Let $X$ and $Y$ be discrete random variables with real values $\{x_1, \dots, x_n\}$, $\{y_1, \dots, y_m\}$ respectively.

The questions below arose from considering the expression $E[E[X \mid Y]]$ and asking whether it it well-defined and unambiguous.

In my mind, we can make sense of $E[X = x_i \mid Y]$; it is simply $\sum_{j=1}^m y_jP(X = x_i \mid Y = y_j)$. Then $E[E[X \mid Y]] = \sum_{i=1}^nx_iE[X = x_i \mid Y]$.

$1$. Can we view this as the expectation of the discrete random variable $X \mid Y$ which has values $\{(x_i, y_j) \mid i = 1, \dots, n, j = 1, \dots, m\}$? Or is $X \mid Y$ not a random variable?

Approaching the expression $E[E[X \mid Y]]$ in a different way, I want to swap the order in which we take the expectations.

$2$. Is $E[X \mid Y = y_j] = \sum_{i=1}^n x_i P(X = x_i \mid Y = y_j)$ a common thing to consider? If not, why not?

Then we would have $E[E[X \mid Y]] = \sum_{j=1}^m y_j E[X \mid Y = y_j]$. Note, this agrees with the other calculation of $E[E[X \mid Y]]$.

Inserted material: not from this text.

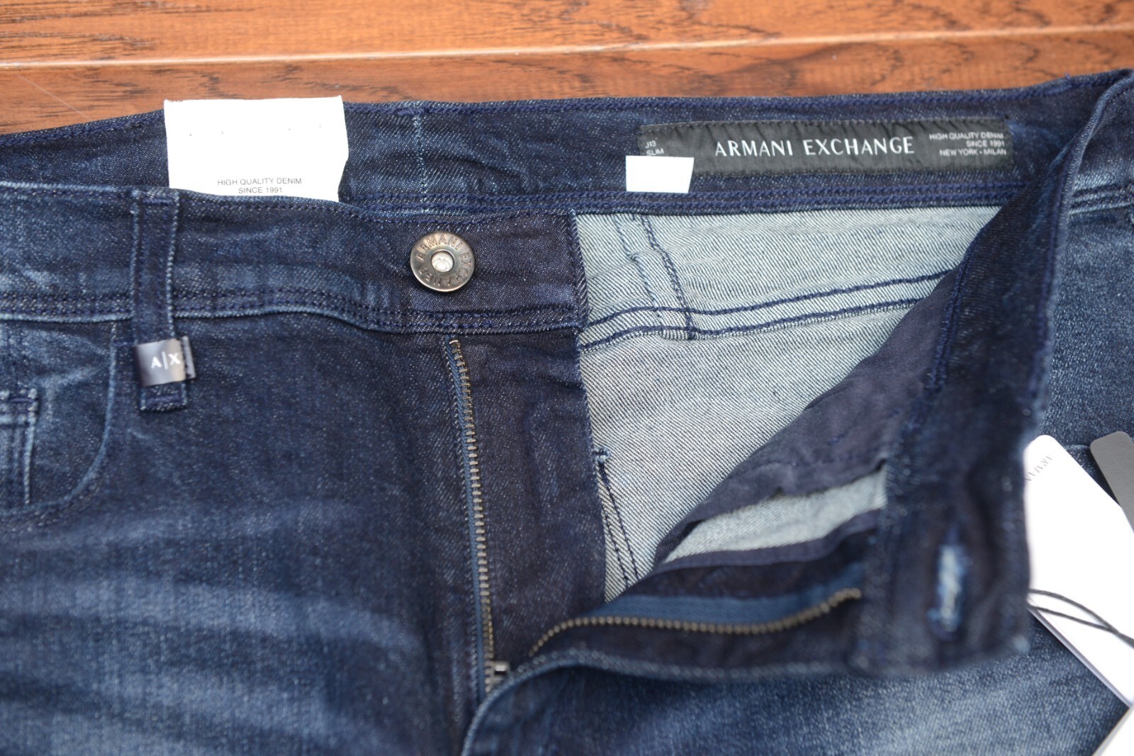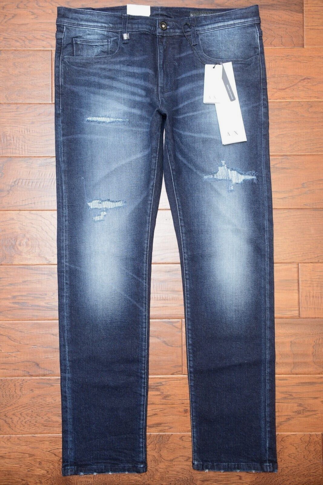 - Armani Exchange $160 A|X J13 Mens Slim Fit Scraped Stretch Cotton Blue Jeans 40R

In trying to indicate the order of the variables I was taking expectations of, I wrote some expressions which I'm not sure are defined.

$3$. Does it make sense to write $E[X \mid E[Y]]$ or $E[E[X] \mid Y]$? If so, is there any relation between these things and $E[X \mid E[Y]]$?

Answer 1

firstly, $E[X=x_i|Y]$ makes no sense

1. $X|Y$ is not an object in the rigorous probability theory sense, but I don't understand what your question means. For discrete random variables (i.e. X and Y only take countably many values), $E[X|Y] = \sum_{i=1}^\infty E[X|Y=y_i]1_{\{Y=y_i\}}$, so $E[X|Y]$ is a random variable.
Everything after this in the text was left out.